Of Frank, the tidings were worse again. A short and scarcely intelligible note from Count Stephen informed her that, “although the court-martial had pronounced a sentence of death, the Emperor, rather than stain a name distinguished by so many traits of devotion to his house, had commuted the punishment to imprisonment for life at Moncacs. There was,” he added, “a slight hope that, after some years, even this might be relaxed, and banishment from the Imperial dominions substituted. Meanwhile,” said the old soldier, “I have retired forever from a career where, up to this hour, no stain of dishonor attached to me. The name which I bore so long with distinction is now branded with shame, and I leave the service to pass the few remaining days of my life wherever obscurity can best hide my sorrow and my ignominy.”

Although Nelly at once answered this afflicting letter, and wrote again and again to Vienna, to Milan, and to Prague, she never received any reply, nor could obtain the slightest clew to what the sentence on Frank referred. To conceal these terrible events from her father was her first impulse; and although she often accused herself of duplicity for so doing, she invariably came round to her early determination. To what end embitter the few moments of ease he had enjoyed for years past? Why trouble him about what is irremediable, and make him miserable about those from whom his careless indifference asks nothing and requires nothing? Time enough when the future looks brighter to speak of the sorrows of the past!

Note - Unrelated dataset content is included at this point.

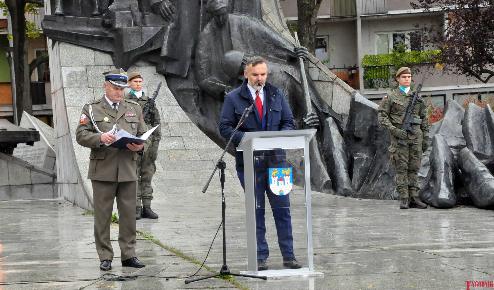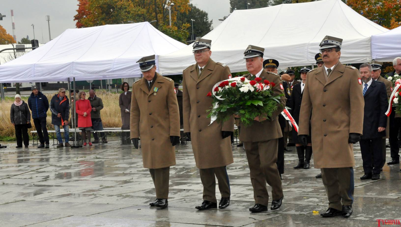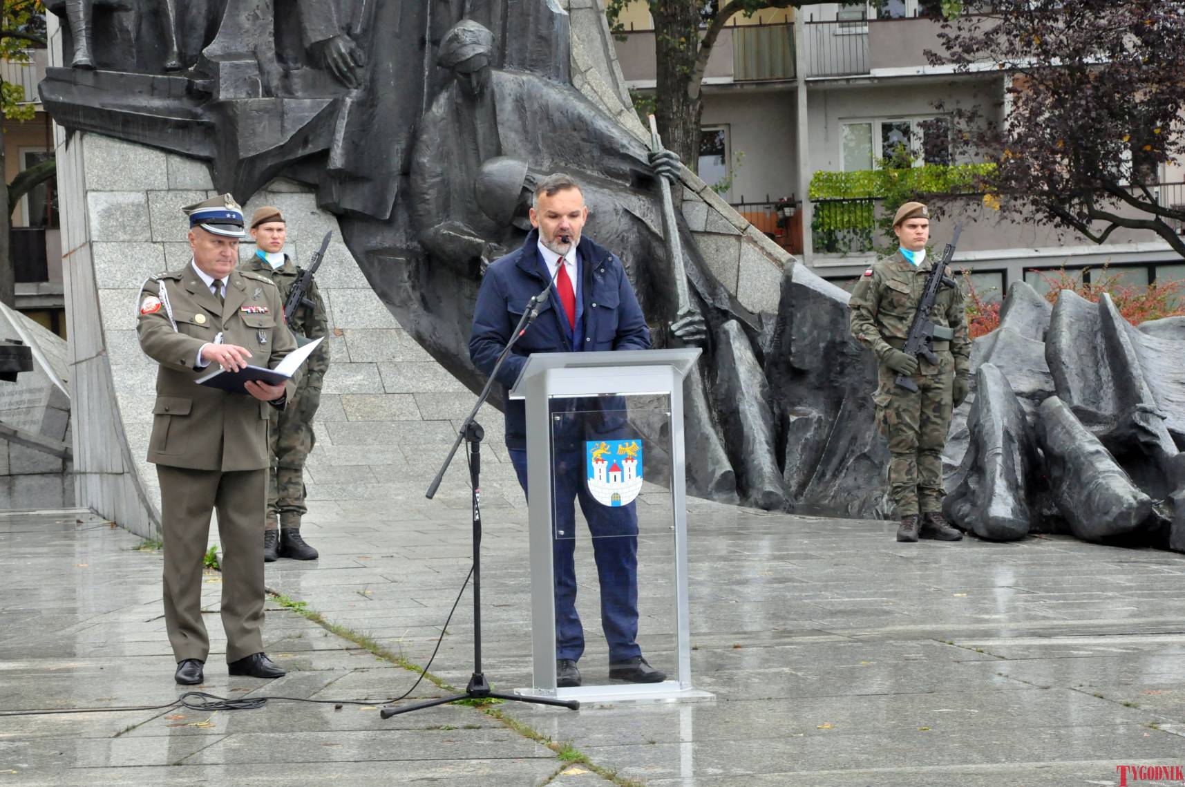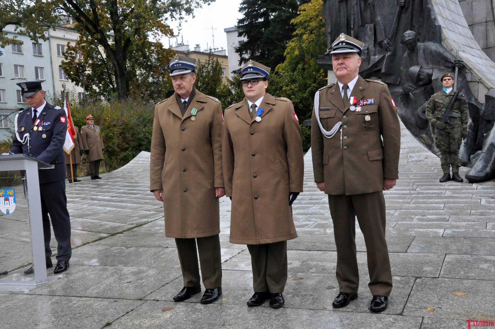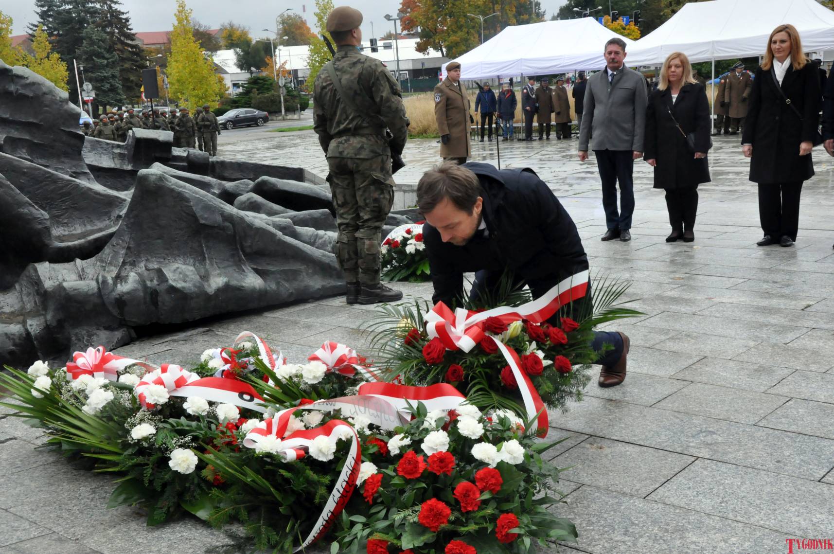 The ceremony began with military precision. The honor guard was provided by the 132nd Light Infantry Battalion from Częstochowa, part of the 13th Silesian Territorial Defense Brigade. The ceremony commander was Captain Krzysztof Brusznicki, and the narrator was Lt. Col. (ret.) Cezary Kubiak. The musical setting was provided by the Military Orchestra in Bytom under the baton of Captain Krystian Siwek.

This task of secrecy was not a difficult one. Dalton's was not a nature to speculate on possible mischances so much as to hope for impossible good turns of fortune; and when he knew that Kate had sent him money, and Frank did not ask for any, the measure of his contentment was filled. Kate was a Princess, and Frank an officer of hussars; and that they were as happy as the day was long he would have taken an oath before any “justice of the quorum,” simply because he saw no reason why they ought not to be so; and when he drank their healths every day after dinner, and finished a bumper of champagne to their memory, he perfectly satisfied his conscience that he had discharged every parental duty in their behalf. His “God bless you, my darling child!” was the extent of his piety as of his affection; and so he lived in the firm belief that he had a heart overflowing with good and kind and generous sentiments. The only unpleasant feelings he had arose for Nelly. Her eyes, that in spite of all her efforts showed recent tears; her pale face; her anxious, nervous manner worried and amazed him. “There 's something strange about that girl,” he would say to himself; “she would sing the whole day long when we hadn't a shilling beyond the price of our dinner; she was as merry as a lark, cutting out them images till two or three o'clock of a morning; and now that we have lashings and leavings of everything, with all manner of diversions about us, there she sits moping and fretting the whole day.” His ingenuity could detect no explanation for this. “To be sure, she was lame, and it might grieve her to look at dancing, in which she could take no part But when did she ever show signs of an envious nature? She was growing old, too,——at least, she was six or seven-and-twenty,—and no prospect of being married; but was Nelly the girl to grieve over this? Were not all her affections and all her hopes home-bound? 'T was n't fretting to be back in Ireland that she could be!—she knew little of it before she left it.” And thus he was at the end of all his surmises without being nearer the solution.